Some thoughts on VR and RAW DATA

The emerging new genre, no, it is a platform, of virtual reality. You get embedded by sight and sound into whatever environment is simulatable best by those two senses. Despite waiting for two years for those VR goggles to appear on the market, I still hesitated when they where available. Am I investing 2000 Euros just because of one or two games? Sure, Elite: Dangerous is totally worth the VR experience, but is this enough? Then I just jumped the cold waters. Hell, I am an early adopter, I take this risk of shelving expensive equipment if it turns out to be useless. After all, I already have a OCZ NIA on that shelf!

So, when my VR goggles arrived, I was already on full research about possible available games. The first big potential of VR is for me this wonderful combination of gameplay with fitness. Whether it is Longbow, LightsaberVR, or Raw Data, they are all fun and they make me sweat and have sore muscles, and I feel as good as coming home from a fitness center. The second big potential is all about the famed presence, this feeling of being in there, which you can´t describe neither in words nor video.

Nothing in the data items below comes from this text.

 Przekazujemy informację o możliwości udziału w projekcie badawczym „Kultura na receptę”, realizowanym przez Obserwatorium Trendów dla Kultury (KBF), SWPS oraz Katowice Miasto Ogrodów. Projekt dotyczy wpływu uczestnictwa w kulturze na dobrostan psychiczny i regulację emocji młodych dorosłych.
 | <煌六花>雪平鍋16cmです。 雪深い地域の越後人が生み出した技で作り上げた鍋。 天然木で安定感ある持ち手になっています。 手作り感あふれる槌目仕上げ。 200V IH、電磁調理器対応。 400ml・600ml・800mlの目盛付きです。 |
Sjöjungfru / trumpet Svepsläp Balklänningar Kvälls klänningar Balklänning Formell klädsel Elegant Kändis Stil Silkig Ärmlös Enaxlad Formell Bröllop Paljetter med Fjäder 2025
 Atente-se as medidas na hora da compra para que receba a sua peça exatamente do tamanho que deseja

Raw Data is a very simplistic shooter, but opposed to many VR siblings, its graphics are very good and the control scheme is close to perfect. See, it is VR not only about a new form display. It is also about how to have control this ultimate form of a 3D-environment. Raw Data does not use buttons as buttons, it uses the controlles as a translator of real physical movement behavior. Want to dodge or kneel behind cover? Do exactly this with all your body. Want to activate a lever? Grab it and pull it down; your middlefinger rests on a button and when you tighten your grip on the controller, it gets pressed.  This translates almost flawlessly into an impression of grabbing something in VR. Reload your gun? Grab the magazine, stick it into the gun. Attack with your sword? Swing it! Want to throw your sword? Tighten your grip (hold middlefinger-button), make a throwing movement and loosen your grip (release button) and the sword flys off. That´s where my sore muscles come from. If I had a suggestion, they should also add crawling through ventilator shafts or something, like so famous in the Deus Ex games. Hey, it´s all about fitness training, right!?

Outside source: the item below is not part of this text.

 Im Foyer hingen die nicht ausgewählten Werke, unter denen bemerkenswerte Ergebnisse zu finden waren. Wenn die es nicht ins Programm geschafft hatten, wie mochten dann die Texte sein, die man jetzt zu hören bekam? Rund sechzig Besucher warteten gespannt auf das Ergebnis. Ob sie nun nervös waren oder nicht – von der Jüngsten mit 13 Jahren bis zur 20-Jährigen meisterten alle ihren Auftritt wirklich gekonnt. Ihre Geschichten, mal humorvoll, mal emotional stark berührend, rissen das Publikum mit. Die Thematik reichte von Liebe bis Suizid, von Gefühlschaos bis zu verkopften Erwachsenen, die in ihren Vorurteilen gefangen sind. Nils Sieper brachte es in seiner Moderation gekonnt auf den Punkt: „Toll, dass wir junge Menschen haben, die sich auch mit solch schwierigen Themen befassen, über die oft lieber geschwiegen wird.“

After I have spent about a weekend with Raw Data, all in all about fifteen hours of game time, my body screamed „a break, PLEASE“. The exhaustion is comparable to those first days after you started a new kind of sport. Raw Data receives high praise so far, if you deduct those consumers who complain about pricing or bugs. It is early access and currently offers two hero classes and four levels. After about 6 hours of gameplay, you should have experienced all content. But thanks to the "fitness experience", it still is a lot of fun to replay it again and again. I don´t really need to do a review about it, this article already describes all I wanted to say.

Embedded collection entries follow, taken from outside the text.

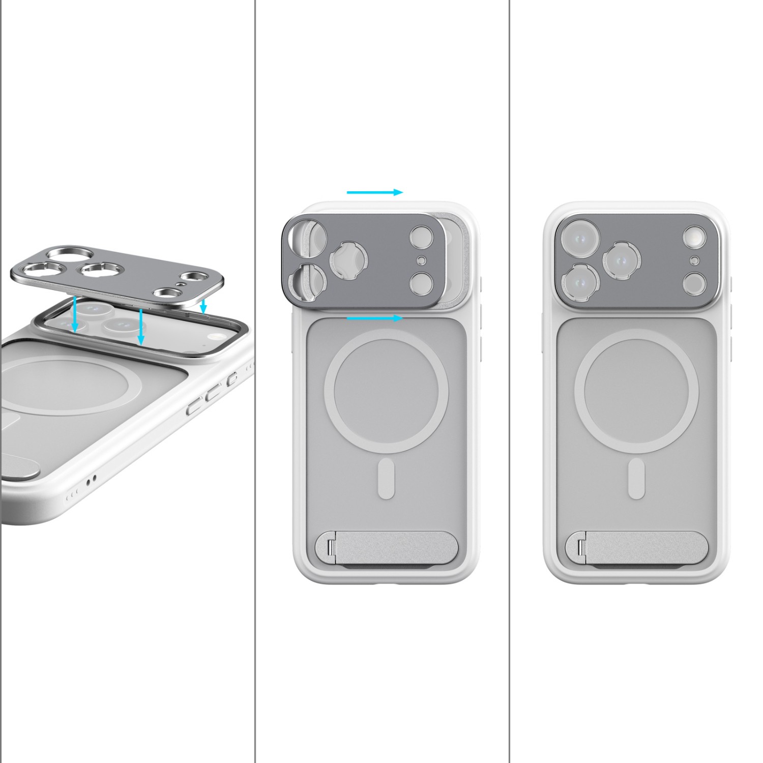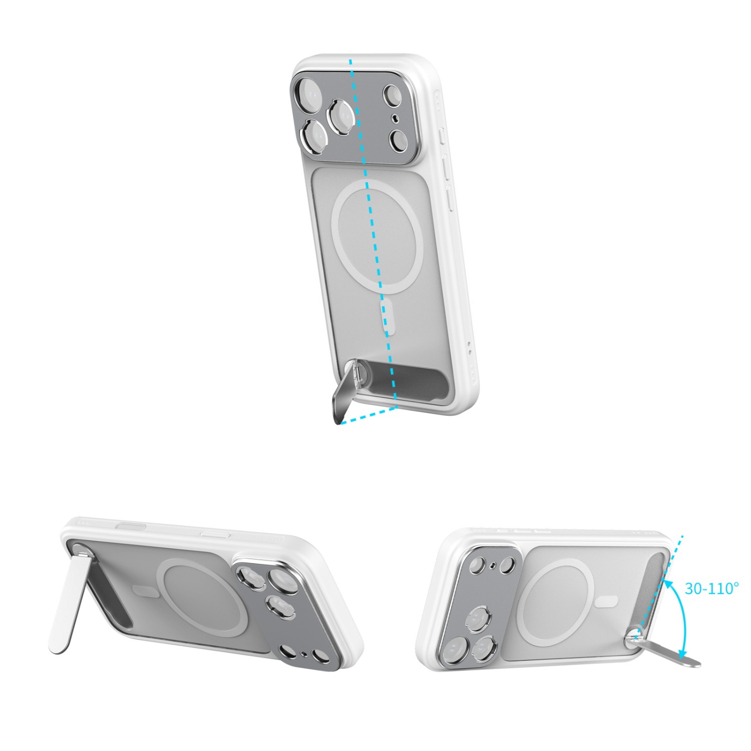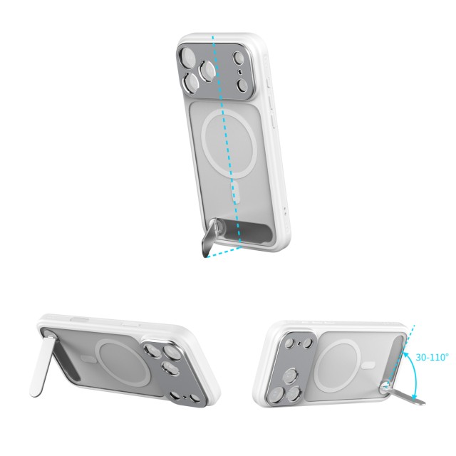 Die Hülle wurde für optimale Funktionalität entwickelt und ist präzise auf die Kamerasteuertaste des iPhones abgestimmt, sodass sie ein sensibles taktiles Feedback bietet und gleichzeitig umfassenden Schutz gewährleistet. Der integrierte Multiwinkel-Ständer (30°-110°) ermöglicht mühelose Übergänge zwischen Hoch- und Querformat. Eingebaute MagSafe-Magnete gewährleisten universelle Kompatibilität mit MagSafe-Zubehör, während eine seitliche Öse die Befestigung von Handgelenk- oder Schultergurten für bequemen Transport unterwegs erleichtert.
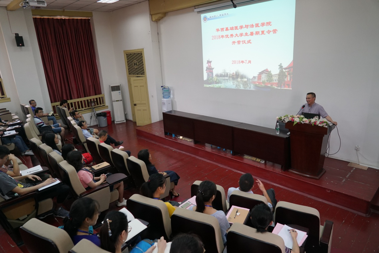 李昌龙书记首先致欢迎辞,他对从全国各地39所高校报名参加必赢官网夏令营的114名同学中脱颖而出的42位营员,表示了热烈的欢迎与由衷的感谢。他从必赢线路检测3003no1悠久历史谈到了必赢官网的发展历程,介绍了刘承钊院士、吴家馼教授、吴梅筠教授等必赢官网杰出人物以及必赢官网优秀的导师代表。他强调了必赢线路检测3003no1作为我国西部最具影响力的高校,正在创建世界一流大学。基础医学又喜迎入选一流学科建设之列,必赢官网亦是校院改革的试点学院,面临重大发展机遇。他着重指出必赢官网当前目标是打造包括“应激医学平台”在内的一系列国内顶尖的科研平台,希望更多的优秀学子加入必赢官网,师生携手共进、砥砺前行,实现个人和学院一流学科建设的同步发展,同相辉映。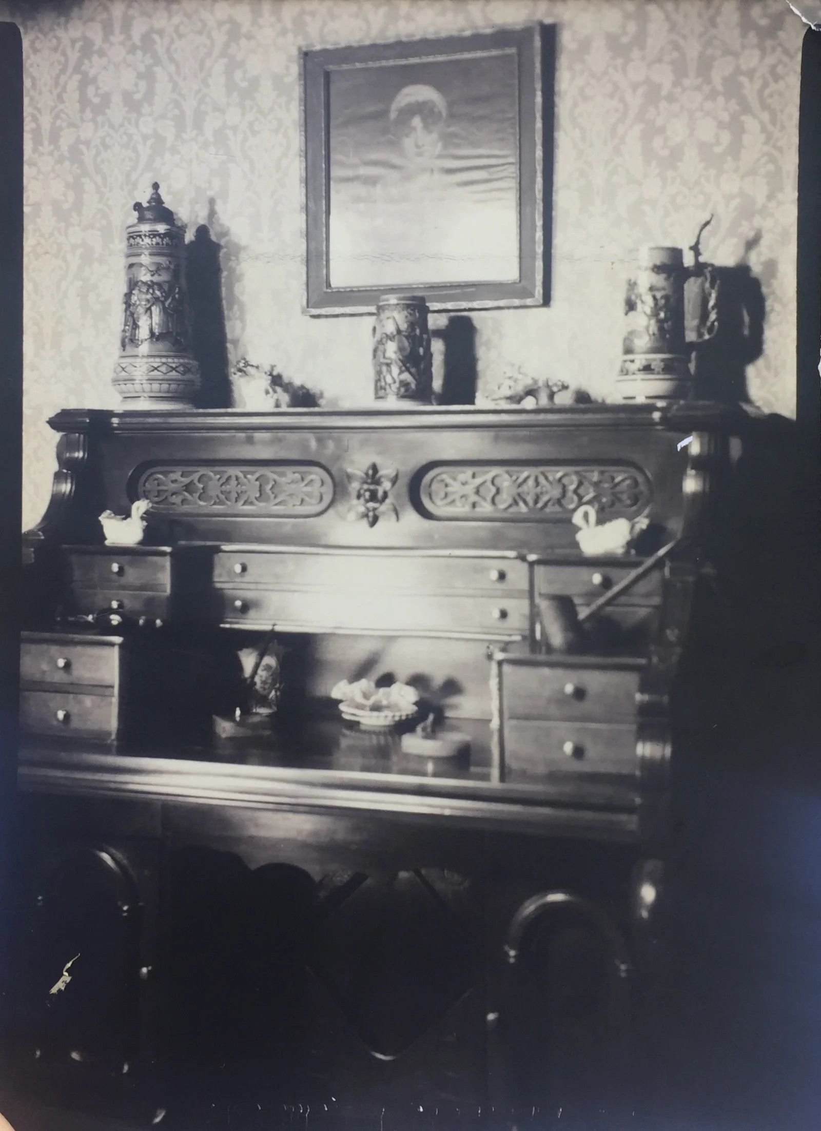 The lady who sold Sadie to us let us know the house is older than indicated in the real estate listing and tax records.  The record shows 1910, but that is really only the year Sadie was first put on the tax rolls. Our seller had once possessed (but lost) a photo postcard of Sadie from 1883, when she was smaller and looked very different. We haven’t found any historical photos of the exterior yet; but below are two that were given to us by our neighbor, who bought them at an estate sale in our home the year before we bought Sadie.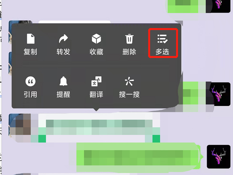 3、进入聊天界面后,长按需要转发的聊天记录,点击多选。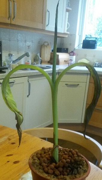 Ook het nieuwe opgerold blad begon bruin te kleuren.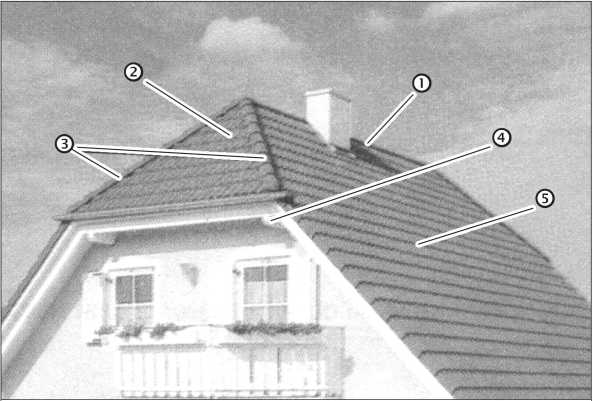 1 – конек; 2 – вальма; 3 – ребра; 4 – ендовы; 5 – скат.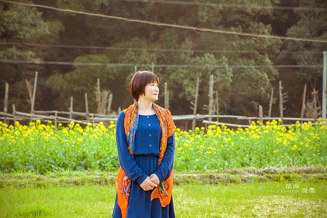 与江岭油菜花不同的是上下晓起村之间的一片油菜花田,悠长的小路穿过一片花海将两个孤岛一般的村子连接起来。花开成海,泼墨为村。在一片金黄的油菜花中,白墙黑瓦,群山环抱。就如同一副作在金色花海之上的国画。震撼绚烂的美丽之中又不乏婉约含蓄的深远意境。我信步走在花圃之中的小径上,自己仿佛成为了画中人,当我满怀欣喜却又手脚笨拙得记录下这美丽小山村的片段美景时,内心总是像在沙滩上捡到七彩贝壳的小姑娘一样喜悦,当然整整一个世界的美丽又岂是几张照片所能记录的,或许这是摄影的另一番乐趣,点滴之中折射整个世界,美丽却又让人无限遐想。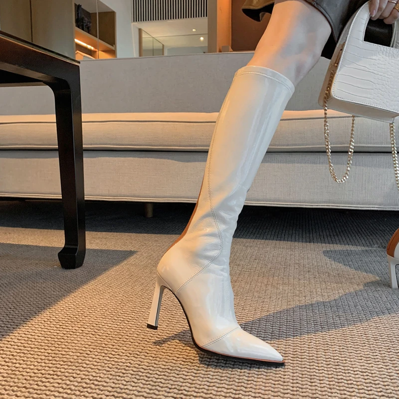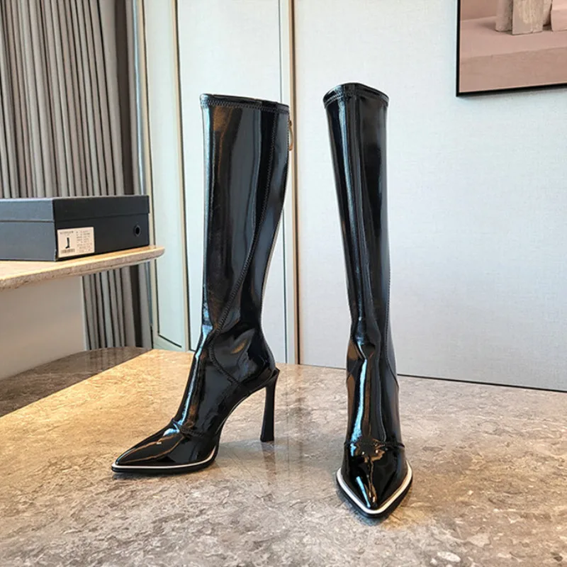Женские эластичные сапоги из лакированной кожи, высокие сапоги с ос...

But it is not enough that you have this VR environment which feels already very physical. You also have teamplay, as you can play this game cooperatively as a two-person team. It starts when you form up. Suddenly, there is a person next to you, in the game. Ok it still is very much a puppet, but the player´s movements are scetched out well and it takes just a few moments to have a true feeling of presence. You wave to each other, can imitate a handshake, and, yeah, some lonely guys imitate grabbing the female ninja´s boobs (or the male gunner´s balls). I can see why VR porn is going to be a thing. But it is very interesting to note, even though your own body is not displayed, you instantly get an inkling how a victim of real sexual harassment might feel. Of course, at this point it is still all fun and more of a childish experimentation than anything else.

Teamplay in VR is simply awesome. "Behind you", "got you covered", those typical situations have a very real feeling. After some tight matches, especially the fourth and last level, you feel a kind of comradeship. It might be because we are in the birth phase of a new game, but I somehow cannot imagine flames and all this kinds of impolite behaviour happening here. I might be wrong; for example Blizzard´s new team shooter Overwatch, after an initial phase of enthusiasm and joyful mood, quickly had those dung-flies of players who just need to moan an bitch. However, it could also be that the VR-typical feeling of presence seems also to remove this strange protective veil behind which people act without behaviour and restraint, even though the internet-anonymity still does exist. IDK, it could be also just because twoplayer co-op is not the right "sociotope" where asocial behavious can nurture. Anyways, I am very interested how the social aspects of VR games are going to evolve.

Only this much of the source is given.